1メートルの戦略

の話には元ネタがあった気がするのだが, あったとしても10年以上前のことであるし, 今では全く思い出せないので残しておく.

僕は友人や学生さん, 研究者仲間からよく人生相談をされる. おおよそ1ヶ月に1人のペースは比較的多いのではないかと思う. その中でよく聞かれるのが「どうやって研究者になれたのか」と「仕事のモチベーションをどうやって保ち続けているのか」の2つである. この質問を受けたとき, 僕は決まって「東京スカイツリーのそばに1メートルの苗木を植えてみたら」という例えをする. これは僕が大学院に入ってからの12年間, 常に自分のポリシーとしている戦略である. なお12年前にはスカイツリーはなく, 福岡在住だったので福岡タワーのそばに1メートルの苗木を植えてみたら」と言っていた.

有名な この記事 のように, 博士号をとること, 研究結果を残し続けることは極めて大変なことである. その中でも, 有名未解決問題やその分野の未踏峰に挑むのは大変な労力とリスクを伴う. チャレンジに成功する確率よりも失敗する確率のほうがずっと高く, 僕自身のまわりだけでもこれまで多くの仲間が業界を去ったり, メンタルをやられてしまうことが日常茶飯事であった.

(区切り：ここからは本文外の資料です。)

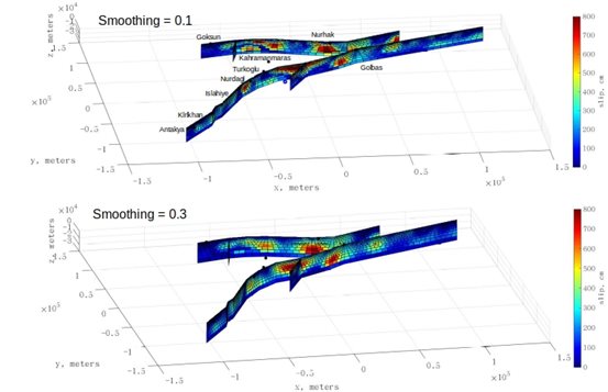 圖2 2023土耳其雙震的3維同震滑動模型,上圖使用光滑權重0.1,下圖使用光滑權重0.3,黑色圓點代表斷層附近城市名稱和地名,藍色圓點代表Mw7.8地震的震中位置
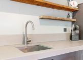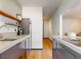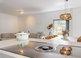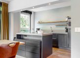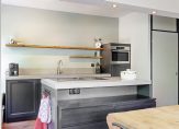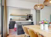 De aangrenzende keuken is voorzien van een moderne keukeninrichting met kookeiland inclusief inductiekookplaat en Bora afzuigsysteem. Verder bestaat de inbouwapparatuur uit een koelkast, vriezer, vaatwasser en oven/magnetron. Grote slaapkamer met inbouwkast en een grote, modern uitgevoerde badkamer welke is uitgevoerd met ligbad, inloopdouche en dubbele wastafel in meubel.
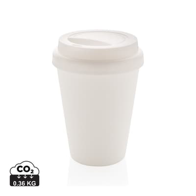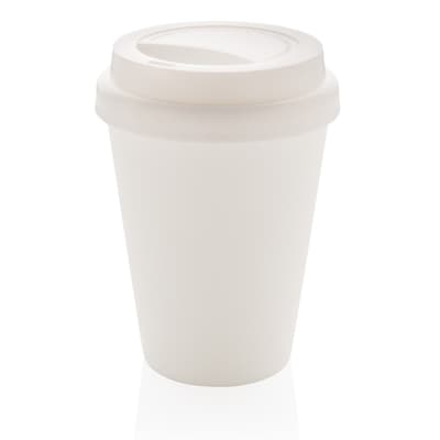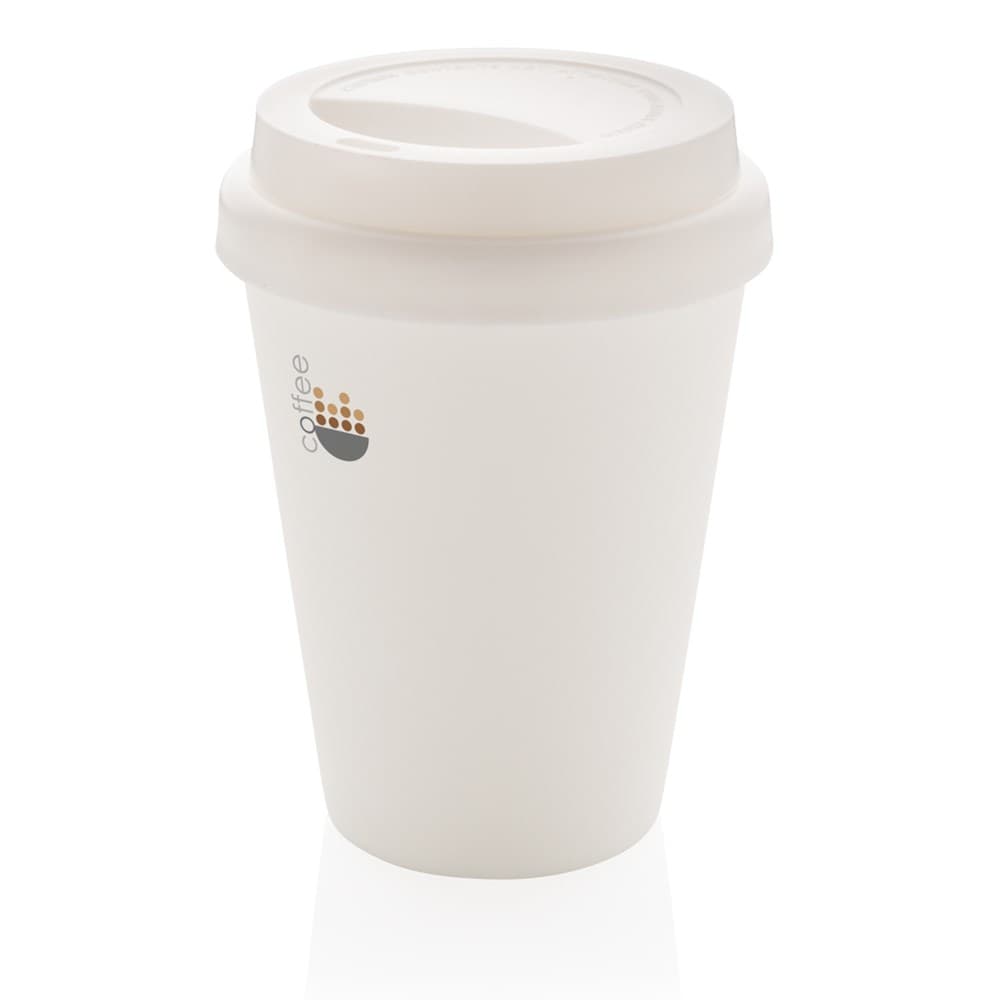 Stop met het gebruik van wergwerpartikelen! Breng je eigen beker mee en draag bij aan een wereld zonder wegwerpartikelen. Deze lichtgewicht en duurzame bekers zijn perfect voor je koffie onderweg. Deze koffiebeker is dubbelwandig, zodat je drank langer warm blijft. Herbruikbaar en gemaakt van 100% recyclebaar vriendelijk PP-materiaal. 100 graden Celsius voedselveilig goedgekeurd. De bekers hebben een schroefdeksel; dus geen risico dat de deksel eraf valt. Alleen handwas. Inhoud: 300 ml.
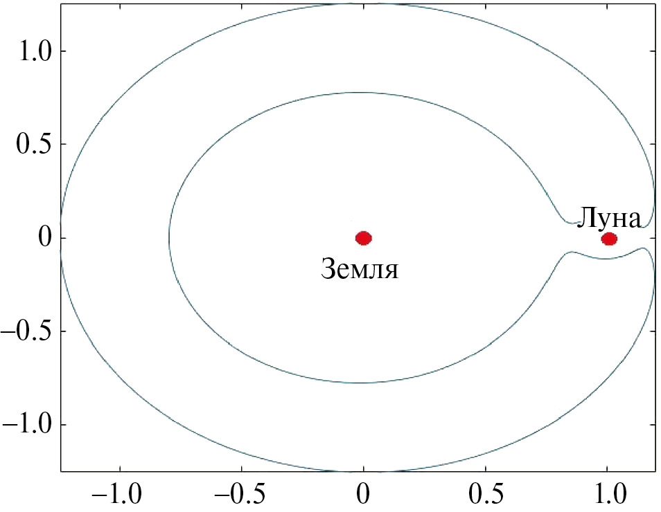 Теперь рассмотрим возможность вылета искусственного космического мусора, находящегося на круговых или эллиптических орбитах относительно Земли, принимая во внимание возмущение Луны, масса которой в 81 раз меньше массы Земли. Финальная гиперболо-эллиптичность будет заключаться в том, что частицы мусора получат относительную гиперболическую скорость. Для этого области Хилла возможного движения частицы должны быть не замкнуты (рис. 3).
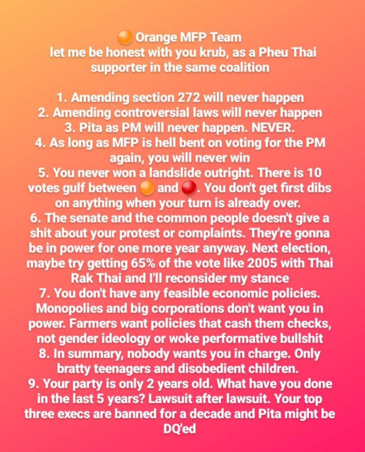 - ตราบใดที่พรรคก้าวไกลยังฝืนส่งพิธาเป็นนายกฯ คุณจะไม่มีวันชนะ
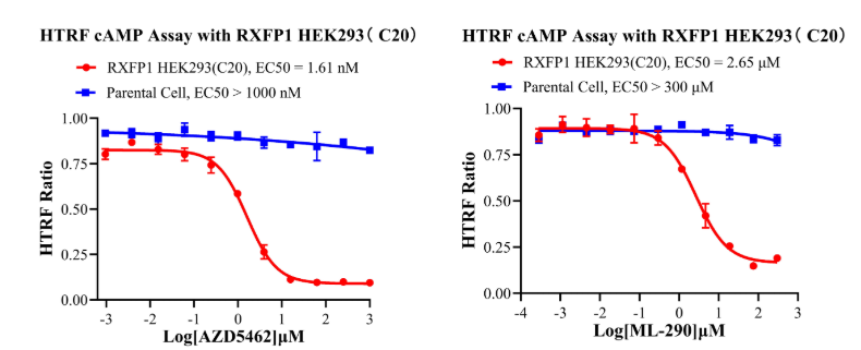 为助力RXFP1靶点药物研发,南京科佰开发了RXFP1 CHO、RXFP1 HEK293细胞筛选模型,产品验证结果如下:
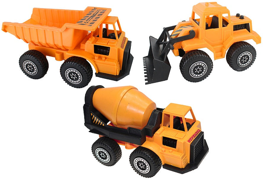 – Ausführungen: Kipplaster, Betonmischer, Radlader (Die Sortierung erfolgt zufällig, Auswahl nicht möglich. Keine Garantie für gleichmäßige Sortierung )
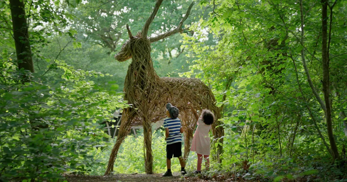 Jump, leap and weave through the hazel coppiced woodland transformed into a historic and inspiring natural gallery of hand-woven structures from oversized chairs to native favorites such as deer and badgers.
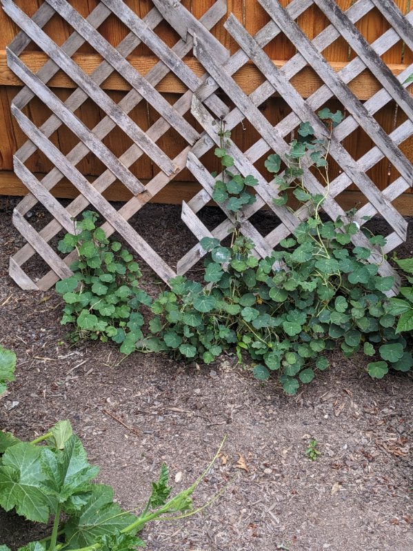 The delicata squash is growing beautifully! This is a good example of how much of a difference new seeds make. The seeds used were harvested from a squash I purchased at a farmers market last year. Blossoms have started showing up, we’ll see how quickly the squash develop and grow.
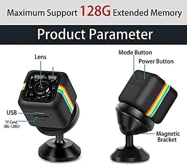 Motion Detection and Loop Recording - This mini spy cam supports 1080P and 720P formats and can be used while charging. Outdoor cameras can intelligently detect movement and record instantly, stopping recording when no movement is detected. Support camera loop recording.
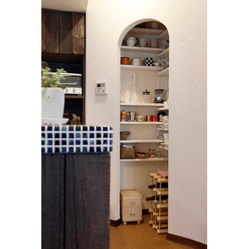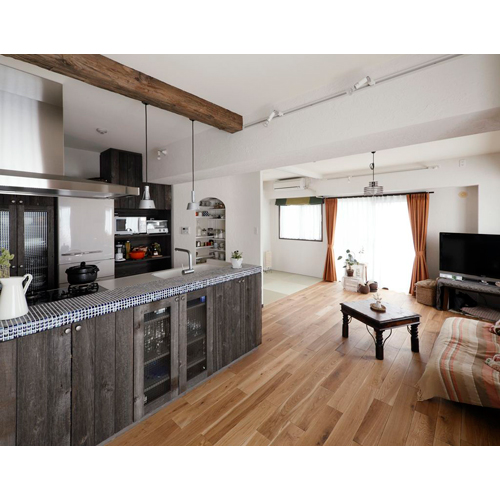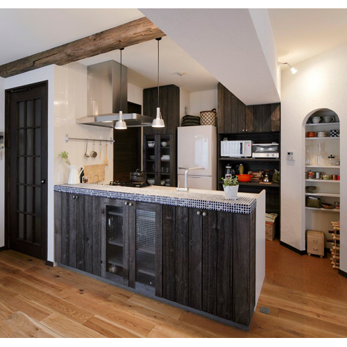 「お休みの日に窓の外を眺めながら、ひなたぼっこするのが気持ちがいい」「外を眺めながらキッチンに立てたらいいね」というお話をうかがい、キッチンの向きを大胆に変えて完全なオープンスタイルに。キッチン前面と、後ろの食器棚・家電収納は、本物の古材をつなぎ合わせた扉で造作。ずっと眺めていたくなるような、味わい深いキッチンになりました。
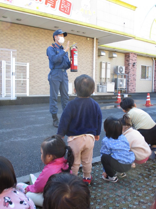 保育園で月に1回行っている避難訓練。今回は火事を想定し、消防士さんに立ち会ってもらって行いました。

有名未解決問題を解くという行為は「東京スカイツリーを1メートル高くしてこい」というチャレンジに例えることができる. 634メートルを635メートルに更新することでトップの地位を得ることができる. 数学に限らず, この業界での2位はビリと同じなので, 1位をとる以外に生き残る術は存在しない. ゆえに世界中の猛者たちが頂上の1メートルを伸ばすために多大な労力をかけて日々奮闘している. 我々はそのために必要な免許(=博士号)をとり, 厳しい訓練(=日々の研究・セミナー・研究発表)を積み重ねて登頂のスキルを得るが, それでも(例えハーネスをつけていたとしても)滑落の危険を伴う.

しかし, この1メートル伸ばす危険な行為は, 地上にいる人々からはほぼ認識することができない. 同業者でない人ならなおさらである. 他分野の研究の価値が正当に理解されずトラブルになる例もよく見かけるが, それは当たり前のことなのである.

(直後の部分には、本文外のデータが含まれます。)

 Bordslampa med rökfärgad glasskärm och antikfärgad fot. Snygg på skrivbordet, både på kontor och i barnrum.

では, 東京スカイツリーのそばに1メートルの苗木を植えて, 野菜や果物を育てたらどうなるだろうか. きっと多くの人々に気づいてもらえるだろうし, 東京スカイツリーというネームバリューもついてくるかもしれない. そしてその野菜や果物の質が高ければ, 立ち止まって興味をもってくれる人もいるだろう. これは研究の世界でも同じことで, 誰もやっていない場所(だが多くの人々が関心をもつ場所に近いエリア)で丁寧に育てた1メートルは目立つのである.

もちろん, 1メートルを育てる場所と戦略は極めて慎重に考えなければならない. どんなに優れた野菜でも, 遠く離れた山里の樹海に植えてしまえば見つけてすらもらえないし, 逆にスカイツリーのそばという話題がついたとしても, その果物の味が悪ければブームはすぐ廃れてしまう. だから, 1メートルの戦略は予想以上に難しく, 初手を誤ると失敗するわけでリスクは当然ある. しかし, 成功する可能性は(個人的には)少し高まるのではと思うし, その分野の多様性を広げるという意味でも有益ではないかと思うのである.

最後に一つ, 誤解してほしくないのは「有名未解決問題にチャレンジするな」と言っているわけではないということである. 学問は自由なのだから, 未踏峰にリスクをかけて挑むロマンは僕も大いに共感する. 以上はあくまでも一個人の考え方であり, もしかすると今悩みを抱えている誰かの背中を後押しできればと思って書いた. SMAP の名曲「世界に一つだけの花」に「No.1 にならなくてもいい もともと特別な Only One」というフレーズがあるが, 研究では Only One だけではダメで No.1 にもならなければならず, 厳しい世界であることには変わりないのである.